The bottom line is that the vast amounts of moderate-cost near-term domestic emissions reductions strategies – energy efficiency, conservation, replacing coal power with natural gas-fired power, wind power, biomass cofiring, concentrated solar thermal power, recycled energy, geothermal, and hydro power (see “An introduction to the core climate solutions“) – will be available at $15/ton or less (in quantity) in 2020 (see “Game changer, Part 2: Why unconventional natural gas makes the 2020 Waxman-Markey target so damn easy and cheap to meet“).

And that brings us directly to the second and far graver flaw – the 2020 target is too weak (see here).  Given the lost 8 years of the Bush administration, it was inevitable that a bill which doesn’t even impose a cap until 2012 could not have the same 2020 target (compared to 1990 levels) than the Europeans are considering.

That means we’re going to build too much polluting crap in the next decade.  That means we’ll have to go back and unbuild it at some point.  More expensive, sure, than doing it right the first time, but no more difficult than deploying the dozen or so accelerated stabilization wedges globally in three to four decades needed to beat 450 ppm.

For me, a two-term President Obama (together with the next three Congresses) cannot solve the global warming problem, but can create the conditions that allow the next couple of presidents to do what is needed.  Or he can be thwarted, making it all but impossible for future presidents.

The only hope for stabilizing at 350 to 450 ppm is a WWII-scale and WWII-style effort as I have said many times.  And that implies a level of desperation we don’t have now (see “ What are the near-term climate Pearl Harbors?“).  When we have that desperation, probably in the 2020s, we’ll want to already have:

  • substantially dropped below the business-as-usual emissions path
  • started every major business planning for much deeper reductions
  • goosed the cleantech venture and financing community
  • put in place the entire framework for U.S. climate regulations
  • accelerated many tens of gigawatts of different types of low-carbon energy into the marketplace
  • put billions into developing advanced low-carbon technology
  • started building out the smart, green grid of the 21st century
  • trained and created millions of clean energy jobs
  • negotiated a working international climate regime
  • brought China into the process

This bill is crucial to achieving all of those vital goals.

Kudos to Nancy Pelosi and Henry Waxman and Ed Markey and President Obama – and a great many other progressive politicians and advocates – for making this historic moment happen.

Enjoy the weekend.  The really hard work – Senate passage – is next.

UPDATE: Statement from the Alliance for Climate Protection Chairman Al Gore on passage of the American Clean Energy Security (ACES) Act by the House of Representatives

Speaker Nancy Pelosi, the Leadership of the House, and Chairmen Waxman and Markey have, through their leadership, secured an important bipartisan victory for the American people.

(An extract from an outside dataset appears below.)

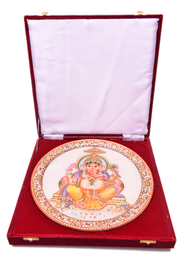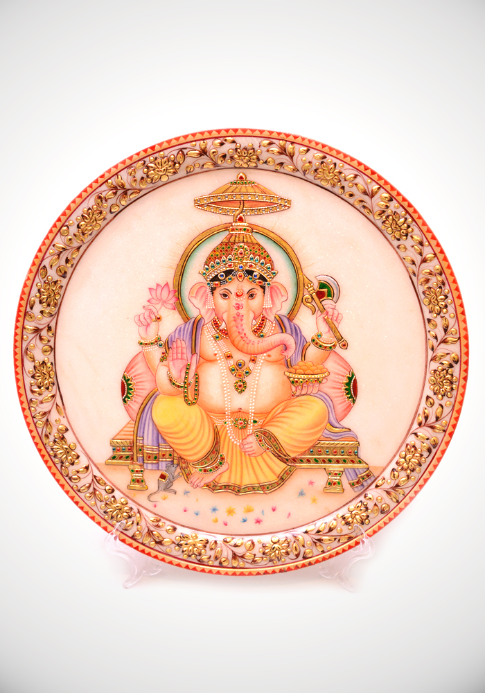 God Ganesha Show Piece Plate Hand Carfted And Painted In white Marble

The American Clean Energy Security (ACES) Act is one of the most important pieces of legislation Congress will ever pass. This comprehensive legislation will make meaningful reductions in global warming pollution, spur investment in clean energy technology, create jobs and reduce our reliance on foreign oil.

The next step is passage of this legislation by the Senate to help restore America’s leadership in the world and begin, at long last, to put in place a truly global solution to the climate crisis.

We are at an extraordinary moment, with an historic opportunity to confront one of the world’s most serious challenges. Our actions now will be remembered by this generation and all those to follow – in our own nation and others around the world.